I view this from a semiotic viewpoint, if I understand correctly what that
means.
I especially agree with your point 2 in particular; the assertions using the
URI convey the signified, and in fact in a world of SW agents, there is
nothing else that can be used. Of course different sources may make
different assertions (thereby potentially identifying different signifieds).
Often I will look at the assertions provided by the originator of the URI
(resolver), and use that to try to gain some unity of view of what the
signifier is.
[I am not certain I understand the "URI referent"; is it the URI as
signifier?]
>
> owl:sameAs semantics, with this vocabulary, is that two URIs have the
> same signified (hence certainly the same referent).
And you have to be pretty confident, such as being responsible for
generating the URIs themselves, before you can comfortably make that
statement in a global context.
> But what we are looking for in this discussion is a mechanism to handle
> similarity of the referent, which does not imply sameness of the signified.
> This cannot be achieved by adding extra assertions, since those will
> only add to the signified.
Possibly.

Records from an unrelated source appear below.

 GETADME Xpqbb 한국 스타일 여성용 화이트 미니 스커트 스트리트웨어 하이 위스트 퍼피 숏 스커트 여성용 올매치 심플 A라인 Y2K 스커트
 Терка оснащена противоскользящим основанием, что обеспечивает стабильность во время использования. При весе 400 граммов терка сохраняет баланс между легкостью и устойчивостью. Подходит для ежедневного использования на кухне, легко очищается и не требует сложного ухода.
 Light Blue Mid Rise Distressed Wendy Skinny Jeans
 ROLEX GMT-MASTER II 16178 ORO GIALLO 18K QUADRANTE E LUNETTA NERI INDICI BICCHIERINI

But I can't quite see the usefulness of making a statement that 2
signifiers were the same, if I did not also intend to mean the 2 signified
things were the same.
>
> So maybe co-reference mechanism is to be set outside formal semantics.
I think this might be going back to the question of the metadata of an RDF
source (as my CRS data is "just" an RDF source making statements about
coreference).
So the simple co-reference mechanism can stay within the RDF, but we need to
be able to assert properties of the RDF itself. (Which might require
reflection, etc.)
>
> Bernard
>
>
> Hugh Glaser a écrit :
>> And then I hit the wrong button and sent early - sorry.
>>
>> Michael,
>> Many thanks for asking the question.
>> It is very exciting to see this discussion so active.

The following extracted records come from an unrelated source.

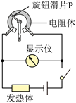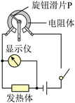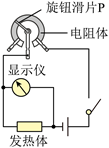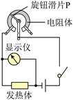 15. 科学兴趣小组开展“制作可调式电热水壶”的活动。设计电路时要求满足:闭合开关后,顺时针调节变阻器的旋钮滑片P时,通过发热体的电流增大,产热加快;同时反映发热体功率高低的显示仪(电压表)示数增大。下列设计符合要求的是( )
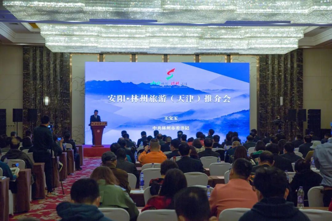 2020年11月7日,以“山水林州 精神之城”为主题的林州旅游(天津)推介会在天津市津卫大酒店成功举办。来自天津中铁旅行社集团、世纪明德教育集团、天津北中国旅行社集团、天津盛世华堂国旅、天津市谦祥溢和林州两地的旅行商、自驾、研学机构负责人和天津日报、今晚报、天津电台、新华网、人民网、腾讯网、新浪网、今日头条、喜马拉雅、都市频道、网易、凤凰网、交通广播、旅游咨询网等新闻媒体的记者,共计200余人参加了活动。天津市文化和旅游局、红桥区区委宣传部和文化和旅游局、安阳市政府和林州市的主要领导出席了会议。
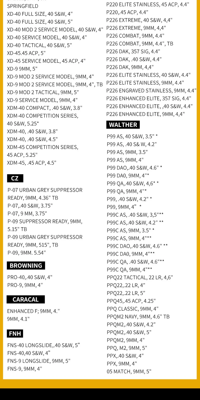 LISTO DEL SUPPRESOR P-09, 9MM,
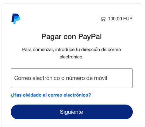 Introduzca su correo electrónico y pulse "Siguiente" para iniciar sesión en Paypal y proceder al pago siguiendo el procedimiento que se le indique.
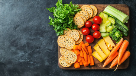 Top view of a wholesome snack board with cheese, crackers, and vegetables for kids, arranged neatly with copy space
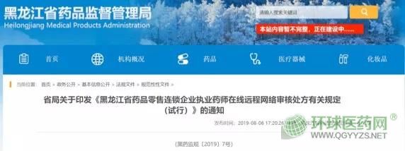 8月6日晚間,黑龍江省藥品監(jiān)督管理局官網(wǎng)發(fā)布《黑龍江省藥品零售連鎖企業(yè)執(zhí)業(yè)藥師在線遠(yuǎn)程網(wǎng)絡(luò)審核處方有關(guān)規(guī)定(試行)》通知,旨在提高零售連鎖企業(yè)藥學(xué)服務(wù)和質(zhì)量管理水平,規(guī)范和推動該省執(zhí)業(yè)藥師在線遠(yuǎn)程網(wǎng)絡(luò)審核處方工作。

>> I have been trying to get to the front of the messages to say something, but
>> they just keep coming in!
>> To answer you email:
>> Yes, we have an infrastructure (the Consistent Reference Service, CRS) with
>> which we have been trying to manage co-reference between a bunch of
>> independent SW sites to allow applications to do what they need. It has gone
>> through quite a few revisions over the last few years.
>>
>> Essentially we consider coreference as more knowledge about things, which
>> can be represented in the SW, and can be used by applications if and when
>> they see fit. And as someone said, there is no truth, only opinions.

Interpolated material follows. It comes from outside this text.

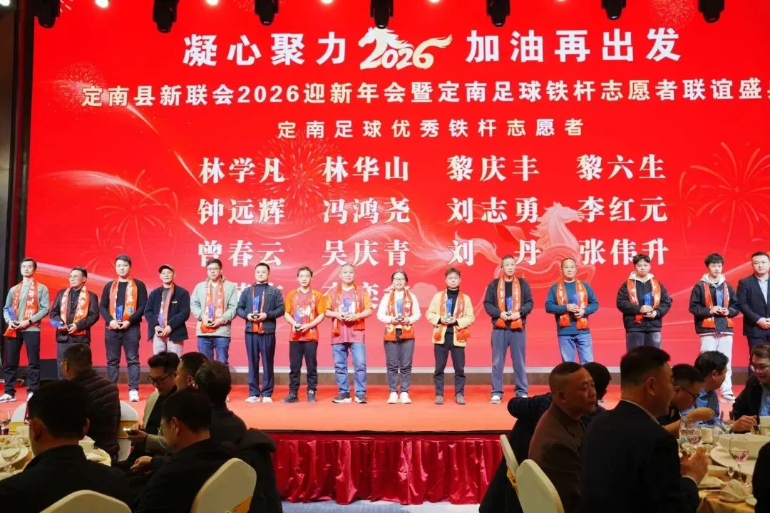 岁序更替,华章日新;暖意盈怀,绿茵情牵。值此2026新年将至、嘉节启幕之际,赣州虔城球迷协会与赣州青年球迷联盟受邀赴约,于2月1日共聚定南,出席定南县新联会2026迎新年会暨定南足球铁杆志愿者答谢晚会。这是一场因球结缘的热爱集结,一次致敬初心的奉献礼赞,更是赣定两地足球情谊山海相依、薪火相传的温暖延续。
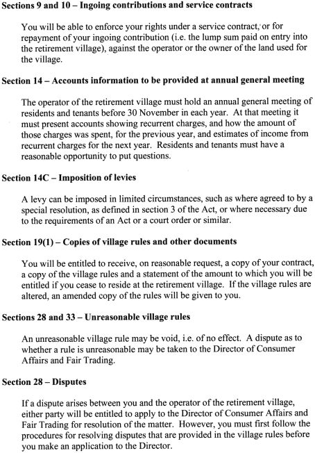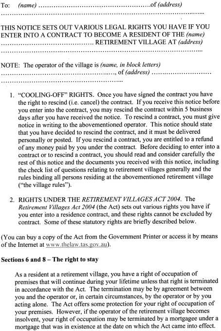 YOU SHOULD READ THIS DOCUMENT CAREFULLY | ENTRY INTO A RETIREMENT VILLAGE USUALLY INVOLVES A SIGNIFICANT CAPITAL COMMITMENT AND MAY CHANGE YOUR LIFESTYLE | THESE QUESTIONS SHOULD ASSIST YOU TO MAKE AN INFORMED DECISION | IF YOU ARE UNCERTAIN ABOUT ANY ASPECTS OF THE VILLAGE OR THE DOCUMENTS YOU HAVE RECEIVED FROM THE VILLAGE, SEEK INDEPENDENT ADVICE | General | Have I discussed fully my decision to enter a retirement village with my family, friends, a social worker or a relevant independent advisory body working in the industry? | What discussions have I had with residents of the retirement village I have chosen? | Will the lifestyle of the village (including social activities and religion) suit me? | What are the rules with regard to having someone else live with me? | What system does the village have for resolving disputes? | Are the residents actively involved in making village rules? | Legal Implications | Have I sought advice on the documents relating to the village from an Australian legal practitioner, Tasmania Legal Aid or some other appropriate source? | Under what conditions can I be moved from my place of residence to another part of the village? | How can the operator terminate my occupation? | Is my long-term occupation at the village secure? | What protection do I have if the village is sold to some other organisation? | Financial Matters | Am I aware of, and can I afford to pay, the ingoing contribution (if applicable), the regular recurrent charges and any extraordinary charges which can be imposed on me? | What arrangements can be made if I can't meet future charges? | How do the terms and amount of repayment of my ingoing contribution compare with other villages? | When do I get access to my money after I leave the village? | Are the residents actively involved in decisions concerning the level of maintenance and services provided, their cost, and how these costs are to be varied in the future? | What are the restrictions on the sale of my residential premises? | What say do I have in deciding the sale price? | Building and Construction | Have the community facilities of the village been built? If not, what guarantee do I have that they will ever be constructed? | Do I have any say in the design, construction and furnishing of my residential premises if construction is not yet complete? | Will the residential premises, building and site be accessible if I become disabled and need a wheelchair or walking aid? If not, can modifications be made easily? | Health and Welfare | What services specially designed for the elderly does the village provide, e.g. nursing care, access to nursing care, an emergency call system? Do these services meet my present needs and what I expect will be my future needs? | What financial and accommodation alternatives do I have if I become too frail to live in these residential premises? | Activities and Amenities | What are the restrictions on the use of my residential premises and the village facilities? | How will I have to adapt and alter my existing lifestyle to comply with the regulations and restrictions of life in the village? | What type of public, private or village transport is available? | Are pets permitted? | How accessible are the local shops to my present and future needs? |

>> So we need an infrastructure for opinions, but that is the SW.
>> To answer your specific questions.
>>
>>
>> On 15/05/2008 00:25, "Michael F Uschold" <uschold@gmail.com> wrote:
>>
>>
>>> Aldo notes the problems with using owl:sameAs to mean similarity. Such uses
>>> are often incorrect, and Aldo suggests using something like rdfs:seeAlso,
>>> skos:related, instead. These relations are too weak, unfortunately.
>>>
>>> There is an interesting proposal for managing URI snyonyms that attempts to
>>> have a middle ground, weaker than owl:sameAs, but much stronger than
>>> rdfs:seeAlso or skos:related.   They suggest an infrastructural approach
>>> [apparently] outside the logic for managing URI synonyms. It is a quite
>>> clever
>>> approach, but still has some challenges.  Here are portions of a note I just
>>> sent the authors of a paper, which relates to this question.
>>>
>>> Afraz, Hugh and Ian:
>>>
>>> I just read your workshop paper:
>>> Managing URI Synonymity to Enable Consistent Reference on the Semantic Web
>>> <http://eprints.ecs.soton.ac.uk/15614/1/camera-ready.pdf>
>>>
>>> 1. I wholeheartedly agree that owl:SameAs is too strong in many cases. A
>>> weaker relation is needed. However, you don't offer weaker relation and give
>>> it semantics. Instead, you do a kind of sleight of hand and remove it from
>>> the
>>> logic.  Without  a semantics, what is a system developer to do with the fact
>>> that two URIs are in the same bundle?  What are the inferential
>>> impliciations?
>>>
>> The semantics of coref:duplicate for example, is defined in the same way as
>> most other things on the SW: what does a system developer do with
>> foaf:knows?
>> So we have removed it from the logic, but kept it in RDF (because it is
>> knowledge).
>> One example of what a system developer might do is use the bundle to assert
>> owl:sameAs into their RDF cache, so that they can do the inference they
>> want. So we have separated out the statements that someone (anyone of
>> course) can make about URIs, from what a particular system might choose to
>> do with the knowledge.
>> For example, if you resolve
>> http://dblp.rkbexplorer.com/id/people-d7ea883648d513828ecea43556f1848a-15f88
>> dc6d4eaf3b08d1de482b480c4c9
>> You get (303ed to) a browsing page, where you can see the
>> resist:coreferenceData (available in the resolved URI) for this URI by
>> clicking "View in CRS".
>> (We should be doing 303 for the CRS as well, but haven't had time yet.)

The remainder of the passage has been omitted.